She cut in before he could tell her that it had worked, that he was ready to sign wherever she wanted him to. Rose was not the youngest or firmest or sexiest woman he’d known, but there was not a doubt in his mind that she was the most beautiful.
“I’m not doing this for you,” she explained. “I mean, not directly at least.”
She bit her lip and gazed at the robe on the floor as if she’d like to snatch it and wrap herself up. Griff suppressed the urge to kick it out of reach.
“I’m doing it for me,” she told him. “I didn’t expect this…this thing with us to happen. I didn’t want it to happen, not at first, anyway. But I don’t seem to have as much control as I’d like to think I have. So if it is going to happen, whatever it turns out to be, I refuse to be doubting and second-guessing myself every step of the way.
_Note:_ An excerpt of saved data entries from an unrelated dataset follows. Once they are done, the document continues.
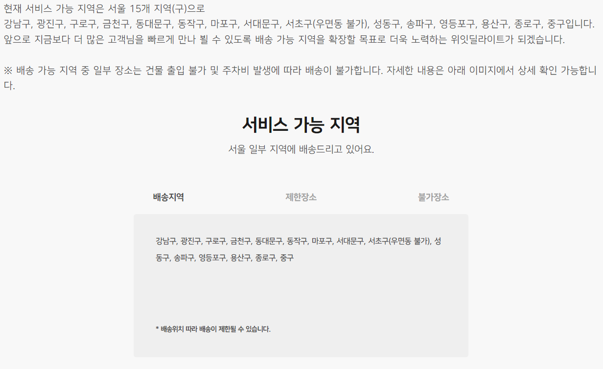 위잇딜라이트를 이용 가능한 지역이 한정되어 있으니 구독 전 꼭 참고하시길 바랍니다.
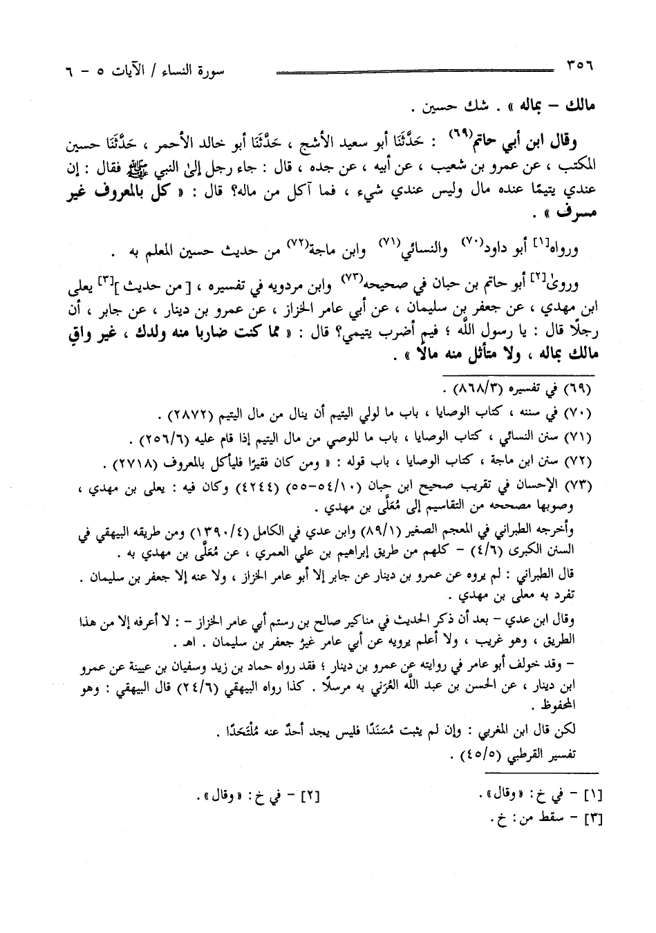 وَقَالَ اِبْن أَبِي حَاتِم : حَدَّثَنَا أَبُو سَعِيد الْأَشَجّ حَدَّثَنَا أَبُو خَالِد الْأَحْمَر حَدَّثَنَا حُسَيْن الْمُكْتِب عَنْ عَمْرو بْن شُعَيْب عَنْ أَبِيهِ عَنْ جَدّه قَالَ جَاءَ رَجُل إِلَى النَّبِيّ صَلَّى اللَّه عَلَيْهِ وَسَلَّمَ فَقَالَ : إِنَّ عِنْدِي يَتِيمًا عِنْده مَال وَلَيْسَ لِي مَال آكُل مِنْ مَاله ؟ قَالَ " كُلْ بِالْمَعْرُوفِ غَيْر مُسْرِف " .
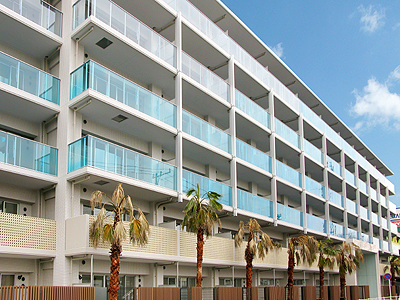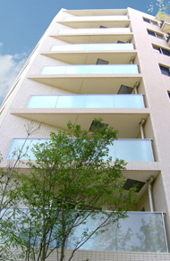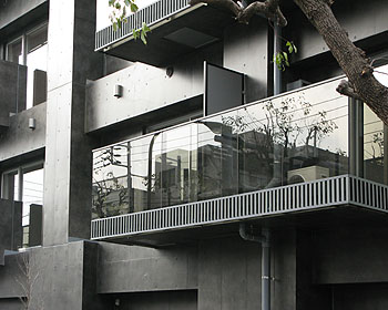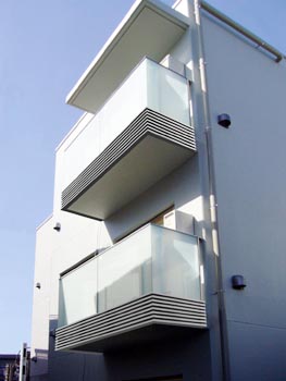 手摺ガラスの下部に立体感のあるデザインアルミパネルを取付け、躯体を隠したスタイリッシュなデザインです。 |
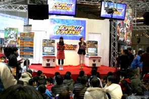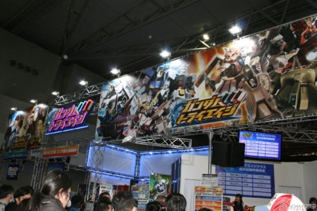 好評稼動中的電子卡片遊戲「GUNDAM TRY AGE」攤位,因為可以免費試玩,人龍排得超長!還在這邊舉辦了首次的全國大賽舞台活動。
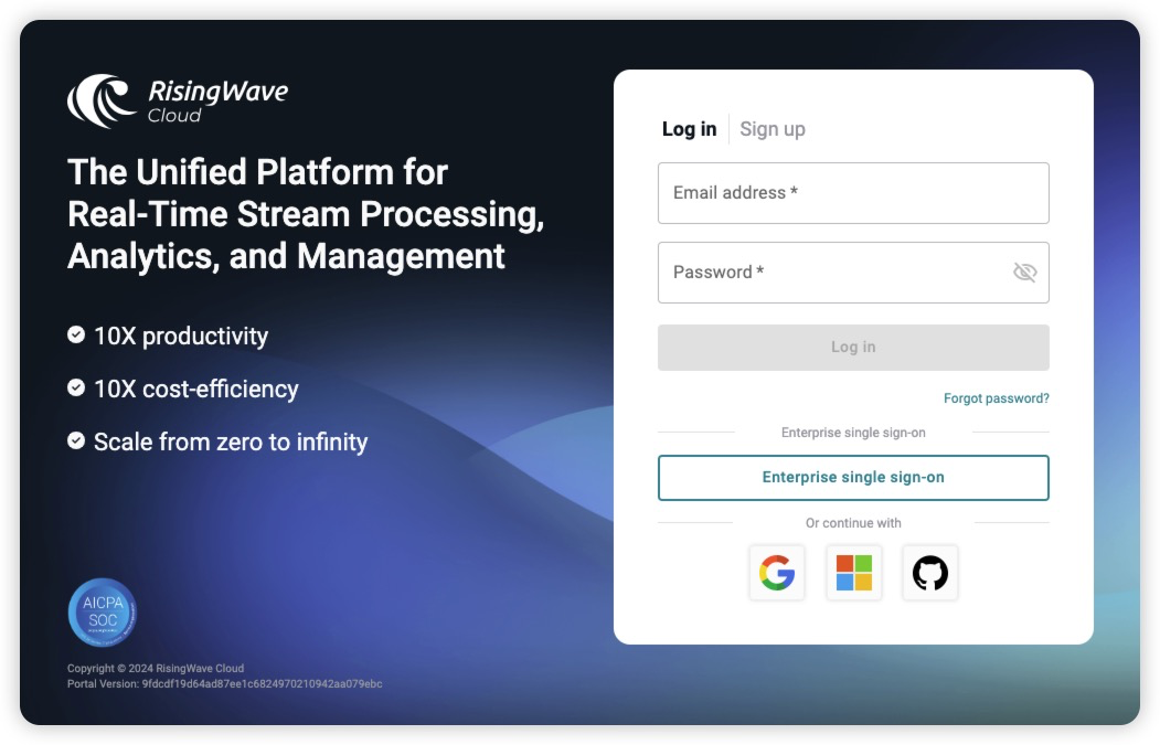 使用免费计划在 RisingWave Cloud 中创建 RisingWave 集群。有关说明,请参阅 RisingWave Cloud 文档。
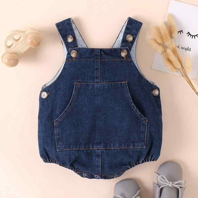 ロンパース ベビー キッズ 男女兼用 デニム オーバーオール 股下スナップ ボタン開閉 ポケット付き コットン 春夏秋 カジュアル 普段使い お出かけ着
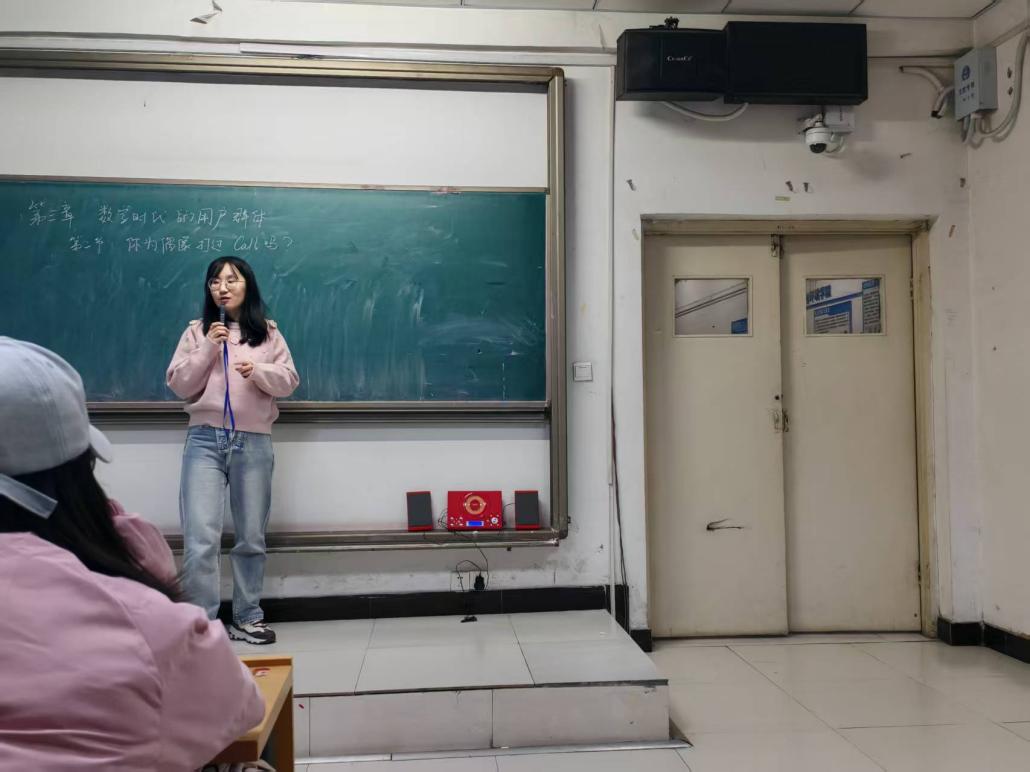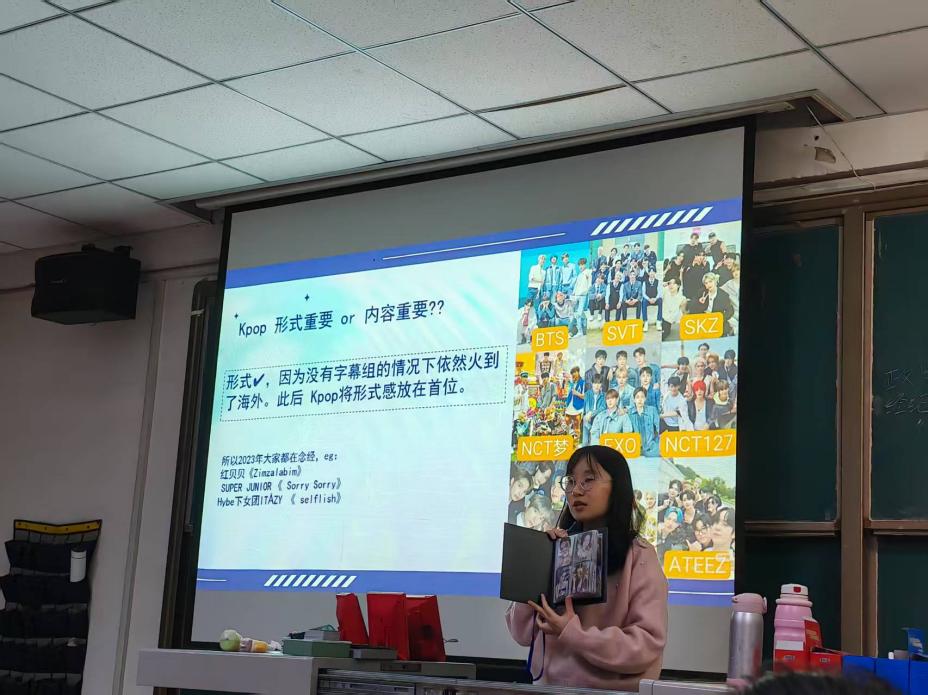 在导入环节中没有像往常一样打开多媒体投影,而是将一台满载时光记忆的CD机放在讲台上,在学生们好奇目光的注视下,任老师按下播放键,光盘转动,教室里随即流淌出了轻柔美妙的歌声。这首来自数字音乐时代之前的实体唱片音质,仿佛带着一种时间的质感,瞬间抓住了所有人的耳朵。“有同学知道这是谁的歌吗?”同学们中有回答正确的,鞠婧祎,一个选秀时代的“Queen”,任老师引入到:“从特定组合的单飞成员到如今依然活跃在荧幕前,她和她所代表的‘粉丝经济’现象,正是我们今天要探讨的话题。”这种实物带来的充满仪式感的开场,将一个关于偶像、粉丝与商业运作的美好图景展开。
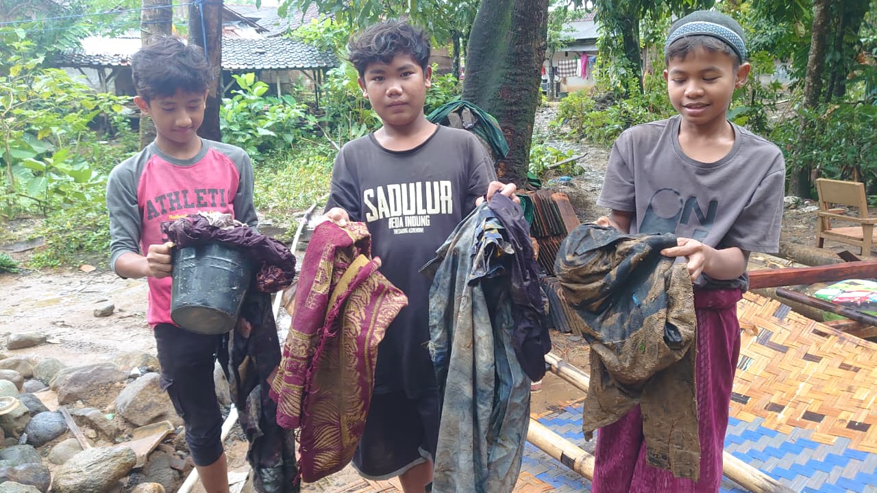Banjir bandang datang tiba-tiba dengan arus yang sangat deras, menghantam Pondok Pesantren Al-Asyabah di Desa Kertajaya.
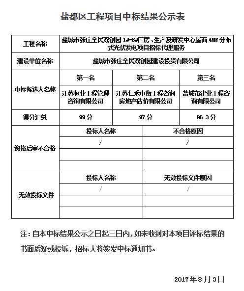 鹽城市張莊全民雙創(chuàng)園1#-8#廠房、生產(chǎn)及研發(fā)中心屋面4MW分布式光伏發(fā)電項(xiàng)目招標(biāo)代理服務(wù)中標(biāo)結(jié)果公示
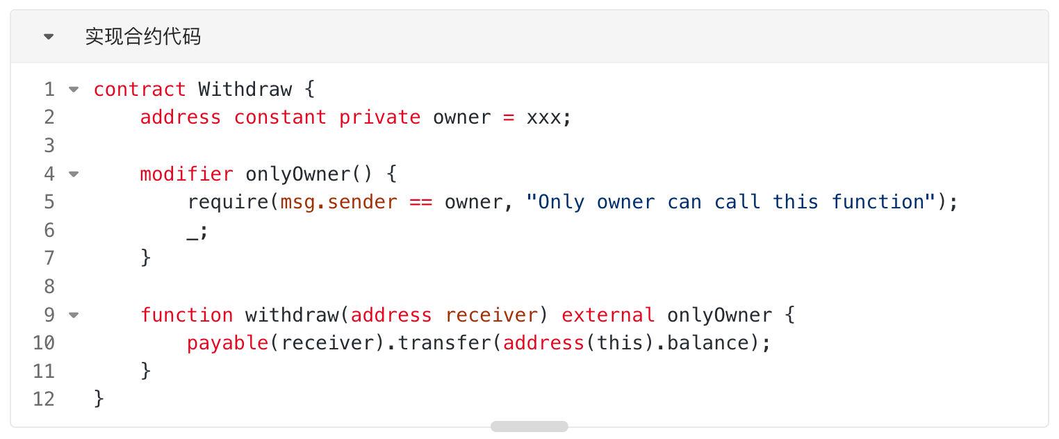 2. Deploy the same implementation contract at the mainnet with address A as on the testnet. As mentioned in the #Minimal Proxy Contract (Clones)# section, the address of the proxy contract calculated by the cloneDeterministic function is related to the salt and implementation contract address, and is independent of the bytecode of the implementation contract. Therefore, we only need to deploy a contract at address A, and the specific content of the contract does not affect the calculation of the proxy contract address. We can directly deploy a contract with the function to withdraw ETH at address A, as shown in the code below.
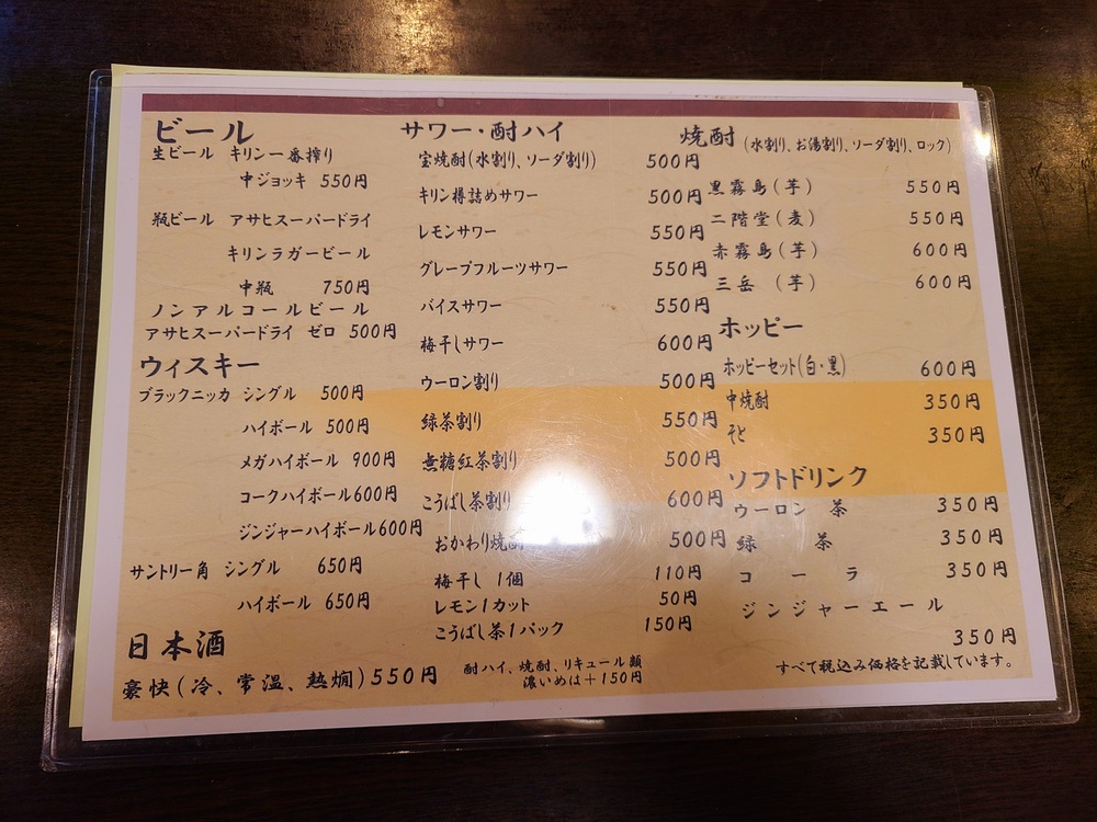 夜のドリンクメニューです。焼酎好きの私にとってうれしいラインナップです。ソフトドリンクもあるので、飲めない人でも楽しめます。
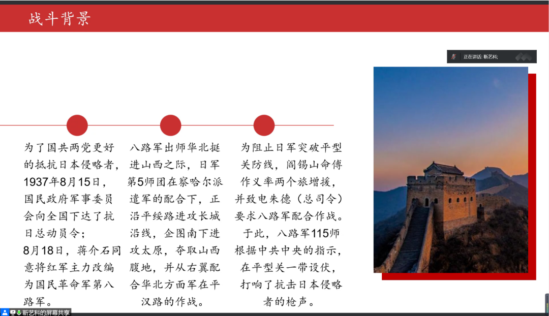 本期的党员谈心室,靳艺科首先讲述了太行精神。太行精神是国家和民族处于危亡的关键时刻,太行儿女所展现的勇敢、顽强、无惧艰难的革命英雄主义精神。它是在极其艰苦的条件下的百折不挠、艰苦奋斗,是为了人民利益的勇于牺牲、乐于奉献,是数千年来中华民族精神的积淀和延续。而后,靳艺科从战斗背景、战斗部署、英雄事迹、历史影响等方面介绍了平型关大捷。平型关大捷是八路军出师华北抗日战场后的首战大捷,也是全国抗战爆发以来中国军队的第一个大胜利。它粉碎了“日军不可战胜”的神话,振奋了全国人心,鼓舞了全国人民的抗战热情。平型关是英雄的关,它浸染了无数先烈的鲜血;平型关是胜利的关,它承载了中国人民同仇敌忾、英勇不屈的伟大精神。

“Last night was special for me,” she revealed, looking more self-conscious than when she had dropped the robe. “It was the most intimacy I’ve ever felt…with anyone. It was the first time I realized that sex and intimacy are not synonymous. And it felt…good. Really good.”
She moved a few steps closer, and Griff was seized by another, stronger yearning to touch her.
“I don’t want to have to hide anything or tone it down. I want you to know everything there is about me, body and soul, and I want to know everything there is about you. And we’ll take it from there.”
He stood staring at her, until Rose’s cheeks felt so flushed that she expected any second to combust and melt into the hooked rug beneath her feet. A fate that would not be unwelcome.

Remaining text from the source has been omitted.